The economic development of China over the last several decades has been quite remarkable. This country has witnessed rapid growth, which is likely to stay resilient at around 5 % in 2024, despite the continued property sector adjustment. Kavan Choksi Japan mentions that the service sector of China is an important but underexploited driver of growth. Over the past two decades, relocation of resources to this sector has significantly boosted productivity, and may continue doing so in the years ahead if supportive reforms are implemented.
Kavan Choksi Japan briefly sheds light on the service sector of China
Expansion in the service sector in China can help put more people to work, especially young people. Moreover, as emissions are lower in the services industry, the expansion of this sector may also help China reach its climate goals more in a more efficient manner. The country does have significant further potential for expanding services. Even though the sector’s share of value-added to the economy has increased in recent years to just over 50%, it is still pretty below the average of approximately 75 % for advanced economies.
While the service sector firms in China have been highly innovative, based on company level data, the allocation of capital and labour across firms are becoming less efficient in the sector. This basically implies that highly productive firms have been too small on average, while less productive firms were cornering too large a share of the market. Hence, China must prioritize reforms for improving the allocation of labour and capital in the services sector. This sector also is subject to several regulations, including restrictions on domestic and foreign. Enabling more businesses to enter and compete in services, further reducing local protectionism, as well as easing regulatory requirements, along with reduced trade and foreign entry restrictions, would help boost productivity and support growth.
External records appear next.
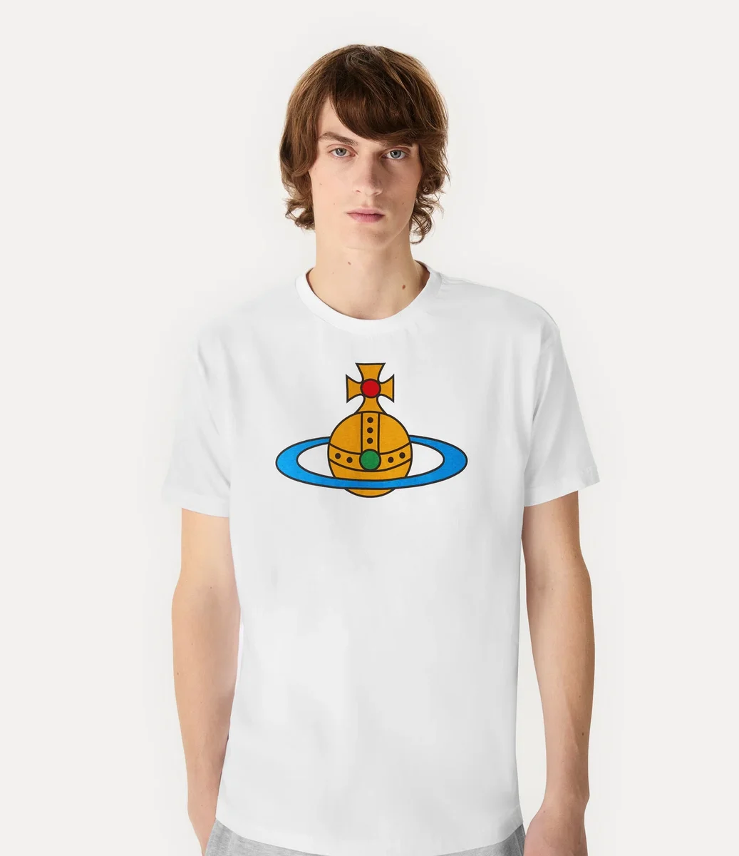 Our Oversized Orb Classic t-shirt is crafted from lightweight cotton, shaped with a crew neckline, short sleeves, and a straight hem. The piece features a printed multi-coloured orb motif across the chest, synonymous with Vivienne’s vision of launching tradition into the future.
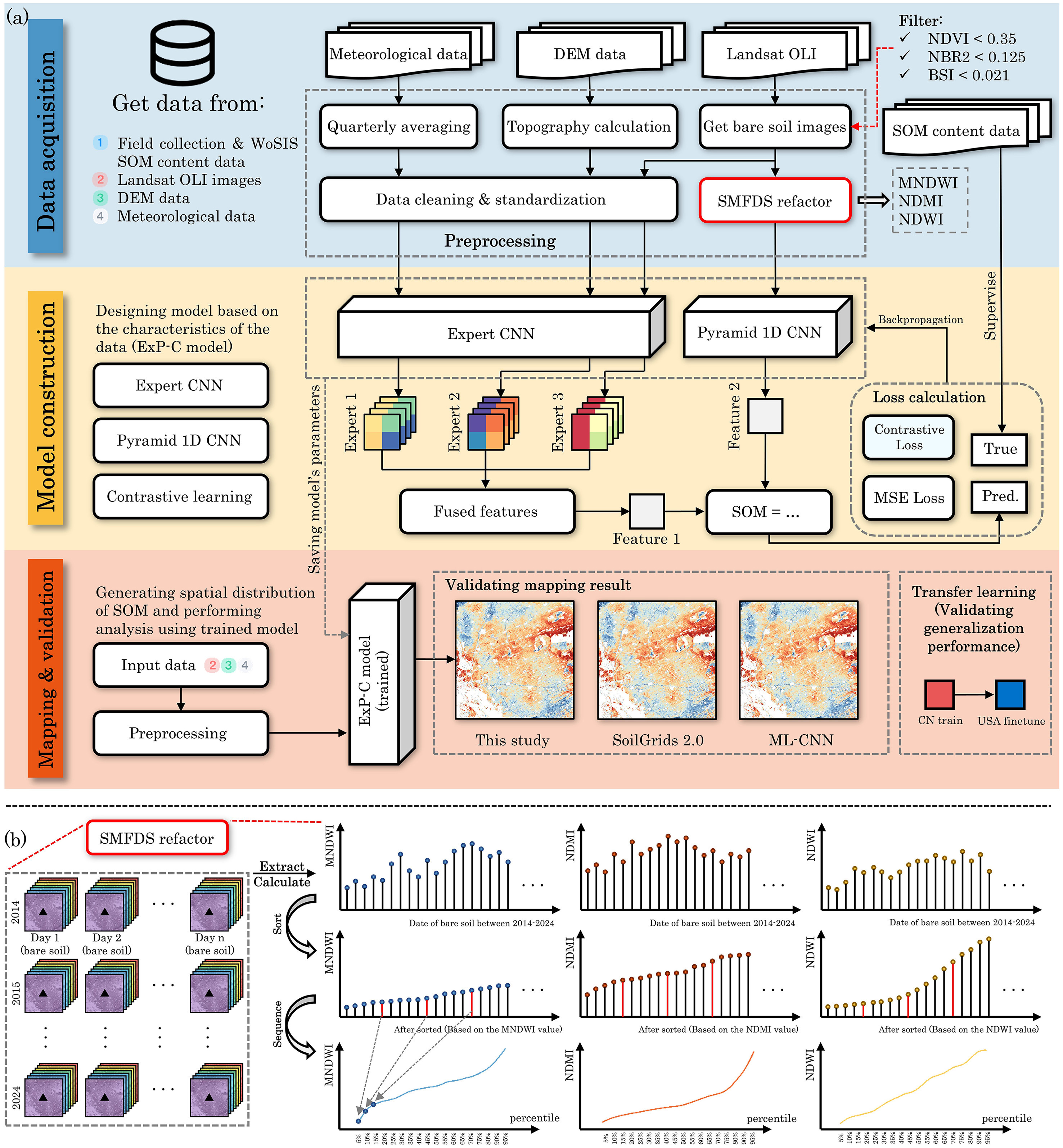 針對上述局限性,中國科學(xué)院東北地理與農(nóng)業(yè)生態(tài)研究所農(nóng)業(yè)遙感學(xué)科組以中美兩大典型黑土區(qū)(中國東北和美國密西西比河流域)的耕地為研究對象,創(chuàng)新性地提出了一種融合土壤水分動態(tài)反饋序列(SMDFS)的新型時空深度學(xué)習(xí)框架(ExP-C)。研究團隊收集了2014-2024年間的2616個表層(0-20厘米)土壤實測樣本,并深度融合了Landsat-8裸土合成影像、SRTM地形變量以及ERA5氣象等多源數(shù)據(jù)。研究通過對多時相水分相關(guān)光譜指數(shù)(MNDWI、NDWI、NDMI)進行百分位重構(gòu)生成了SMDFS,從而精準捕捉了不同SOM水平與土壤水分保持能力之間的動態(tài)反饋特征。在此基礎(chǔ)上構(gòu)建的ExP-C模型,融合了用于提取靜態(tài)協(xié)變量空間上下文特征的“專家卷積網(wǎng)絡(luò)”,以及用于挖掘多尺度SMDFS時間序列模式的“金字塔1D卷積網(wǎng)絡(luò)”,并結(jié)合對比學(xué)習(xí)策略進一步增強了模型的特征表示能力。
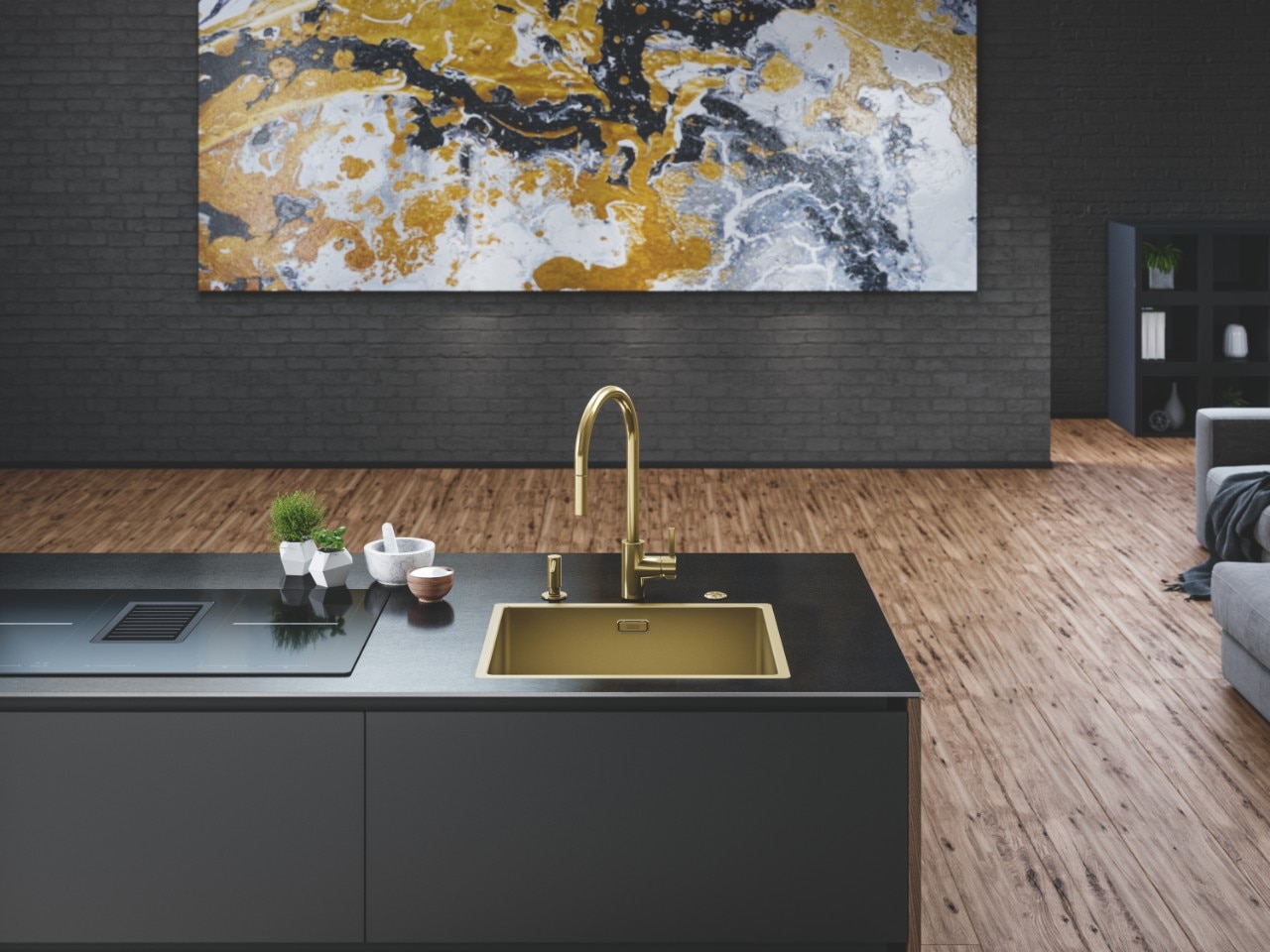 “Mythos Masterpiece”, come suggerisce il nome, è una linea di fascia alta che comprende vasche, miscelatori e accessori per la cucina. Il look degli elementi è moderno e punta sulle tonalità metalliche: Antracite, Copper brillante e Gold luminoso; ogni elemento può essere coordinato oppure, per spezzare, è possibile mixare le diverse opzioni cromatiche disponibili.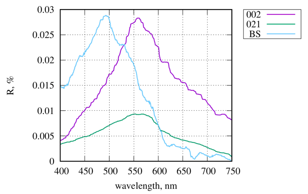 Fig.6. Examples of measurements of the water column spectral reflectance coefficient in Lake Teletskoye in August 2023 at station 002 and 021 and in the deep-water part of the Black Sea in April 2021.

As Kavan Choksi Japan says, it has become important for China to prioritize rebalancing the economy for the purpose of strengthening the demand for services in the country. Making taxes more progressive and improving social safety nets can help lower the need for precautionary savings, particularly in middle- and lower-income households. This shall invariably lead to greater spending on services. Better unemployment and medical benefits, and increased insurance coverage would further boost consumption as well.
Boarding speaking, the service sector in China is in a good position to create jobs and drive sustainable growth in the nation. Typically, policies for helping rebalance demands towards consumptions tend to be combined with reforms that lower barriers to entry, as well as ease other regulatory restrictions. Many of these restrictions may have prevented capital and labour from being efficiently allocated in the past. It is estimated that a comprehensive package of pension reforms, improvements to social safety net and market-based structural reforms can help raise the GDP by close to 20 %over the next 15 years relative to the baseline. Alternatively, it may help achieve about 1 percentage point higher potential growth per year over the medium term.